In fact, Debord had more problems with the situationist heritage than its name, as his subsequent, bleak, re-evaluation of contemporary conditions indicates. Debord's theoretical writing from the 1970s and 1980s shows three main changes from his earlier work. Firstly, capitalism's capacity for - perhaps irreversible - destruction is emphasised: the question of pollution is addressed in The Veritable Split, although in the context of that work's millennial rhetoric it is taken as evidence that the revolutionary overthrow of capitalism could not be much longer in coming.

Debord's analysis of the spectacle - a term signifying a social and affective structure based on passive allegiance and spectatorship, considered as the basis of all contemporary societies - is radically modified. As Debord wrote in 1979: "It no longer says, 'What appears is good, what is good appears'. It says merely, 'It is so'". After the crisis of 1968, the spectacle was thought to have undergone a qualitative change. The spectacle's dominance was no longer based on the freely-given allegiance of individuals who might have known an alternative to the spectacle, but on indifference cemented by the brute force of ubiquity: "the spectacle has never before put its mark to such a degree on almost the full range of socially produced behaviour and objects". This position, shoring up the spectacle's vulnerability by the blanket exclusion of alternatives, was summed up as a state of "fragile perfection".

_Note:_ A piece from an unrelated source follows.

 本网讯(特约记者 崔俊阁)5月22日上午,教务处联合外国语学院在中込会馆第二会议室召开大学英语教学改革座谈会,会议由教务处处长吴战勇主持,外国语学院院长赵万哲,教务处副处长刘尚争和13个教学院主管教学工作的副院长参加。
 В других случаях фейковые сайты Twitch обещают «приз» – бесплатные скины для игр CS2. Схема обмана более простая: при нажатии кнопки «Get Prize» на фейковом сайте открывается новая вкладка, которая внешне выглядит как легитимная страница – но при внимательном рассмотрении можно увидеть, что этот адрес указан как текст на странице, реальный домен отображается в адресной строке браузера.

Lastly, Debord's later writings show little sign of recognising any group in society as a potential source of revolutionary change. In 1985, indeed, he remarked that "the reigning imposture will have been able to have the approval of each and every one; it will have had to do without mine". In his autobiographical work Panegyric his life is presented as a kind of melancholy exemplar of a revolutionary style of living - a style which all too few have emulated, and which may no longer be possible. "I wonder if even one other person has dared to behave like me, in this era".

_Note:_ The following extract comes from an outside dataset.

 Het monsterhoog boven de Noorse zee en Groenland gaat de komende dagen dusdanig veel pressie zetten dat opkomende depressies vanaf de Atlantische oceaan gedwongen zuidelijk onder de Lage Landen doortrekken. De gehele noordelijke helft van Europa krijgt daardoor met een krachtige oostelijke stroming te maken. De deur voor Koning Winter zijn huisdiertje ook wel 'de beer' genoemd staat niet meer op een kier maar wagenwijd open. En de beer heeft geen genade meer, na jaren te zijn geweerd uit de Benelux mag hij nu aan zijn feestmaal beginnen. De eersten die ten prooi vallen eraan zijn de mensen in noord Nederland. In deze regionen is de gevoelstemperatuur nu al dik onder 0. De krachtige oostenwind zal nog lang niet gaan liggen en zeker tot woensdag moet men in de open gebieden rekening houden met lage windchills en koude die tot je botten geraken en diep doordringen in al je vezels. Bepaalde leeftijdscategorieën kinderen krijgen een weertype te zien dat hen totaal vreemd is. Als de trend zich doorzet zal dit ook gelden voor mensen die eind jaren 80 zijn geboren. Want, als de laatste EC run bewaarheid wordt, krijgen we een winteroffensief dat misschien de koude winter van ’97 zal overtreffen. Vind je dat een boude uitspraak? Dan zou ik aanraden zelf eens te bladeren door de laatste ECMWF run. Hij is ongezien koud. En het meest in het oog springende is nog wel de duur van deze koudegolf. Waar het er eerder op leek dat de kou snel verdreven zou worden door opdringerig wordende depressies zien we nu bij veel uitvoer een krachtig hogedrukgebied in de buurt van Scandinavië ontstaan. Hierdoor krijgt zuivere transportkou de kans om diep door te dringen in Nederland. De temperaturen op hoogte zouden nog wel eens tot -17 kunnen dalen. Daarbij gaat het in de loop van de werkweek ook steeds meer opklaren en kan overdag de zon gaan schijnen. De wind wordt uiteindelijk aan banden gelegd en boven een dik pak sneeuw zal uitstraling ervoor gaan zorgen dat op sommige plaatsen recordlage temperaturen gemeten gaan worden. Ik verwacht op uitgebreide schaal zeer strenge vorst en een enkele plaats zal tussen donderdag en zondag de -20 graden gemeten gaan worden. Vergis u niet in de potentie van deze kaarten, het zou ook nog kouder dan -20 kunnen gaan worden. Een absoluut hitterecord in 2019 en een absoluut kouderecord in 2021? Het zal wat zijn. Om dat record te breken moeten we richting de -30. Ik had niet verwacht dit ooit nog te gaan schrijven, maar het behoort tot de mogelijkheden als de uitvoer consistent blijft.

Debord had argued that the spectacle was sustained by a counter-revolutionary use of the same techniques which the situationists could turn to their purposes; now, following the SI's abandonment of artistic work, he saw a spectacle which made no positive claims and left no gaps in which its enemies could operate. He had endorsed advances in technology as progressive; now, following the failure of the councillist revolution to materialise in 1968, he argued that technical progress only imperilled nature and society. Finally, he had referred to the proletariat as the motive force of the revolution to come; now, following the dissolution of the situationist vanguard amid accusations of personal inadequacy, he appeared to reserve the role of revolutionary to himself. His enemies, not his allies, had taken the role of destroyer; destruction had encompassed resources which he had counted on; and there was no one left to rebuild. For a range of reasons - Debord's personal experiences; the choices which he and his allies had made within the LI and SI; an understandable disillusionment with the idea of conjoined technological and social progress; the actual historical situation - Debord viewed "the ruins that remained of Paris" in a spirit very different from Durruti's.

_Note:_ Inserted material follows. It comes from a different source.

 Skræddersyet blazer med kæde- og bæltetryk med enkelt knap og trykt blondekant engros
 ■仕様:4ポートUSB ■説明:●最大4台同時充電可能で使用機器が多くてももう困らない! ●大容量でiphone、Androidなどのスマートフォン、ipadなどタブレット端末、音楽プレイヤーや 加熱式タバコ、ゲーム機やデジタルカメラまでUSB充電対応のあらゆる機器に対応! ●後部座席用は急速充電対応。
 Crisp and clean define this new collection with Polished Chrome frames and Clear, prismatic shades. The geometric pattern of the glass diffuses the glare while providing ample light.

The final irony, to a British eye, is that it was at the end of the 1970s that situationist texts and themes first received widespread publicity in Britain, courtesy of punk and subsequent developments - notably the references dropped by the avowed "fan" Tony Wilson, boss of Factory Records. For myself I first saw the phrase "The return of the Durutti Column" (misspelling retained) as the title of an LP on Factory; a couple of years later I was able to identify the source of the phrase "The Haçienda must be built" (cedilla added), with which Wilson announced the opening of the nightclub in which we are meeting today. As the most challenging, innovative and optimistic of the situationists' writings gained an audience in Britain, Debord himself was wedded to a kind of epicurean pessimism: a disjuncture which did much to impede the practical reception of situationist ideas in Britain, and contributed to the mood of mingled enthusiasm, protective connoisseurship and jaded disdain in which we now contemplate the possibilities left open for us by the legacy of the SI.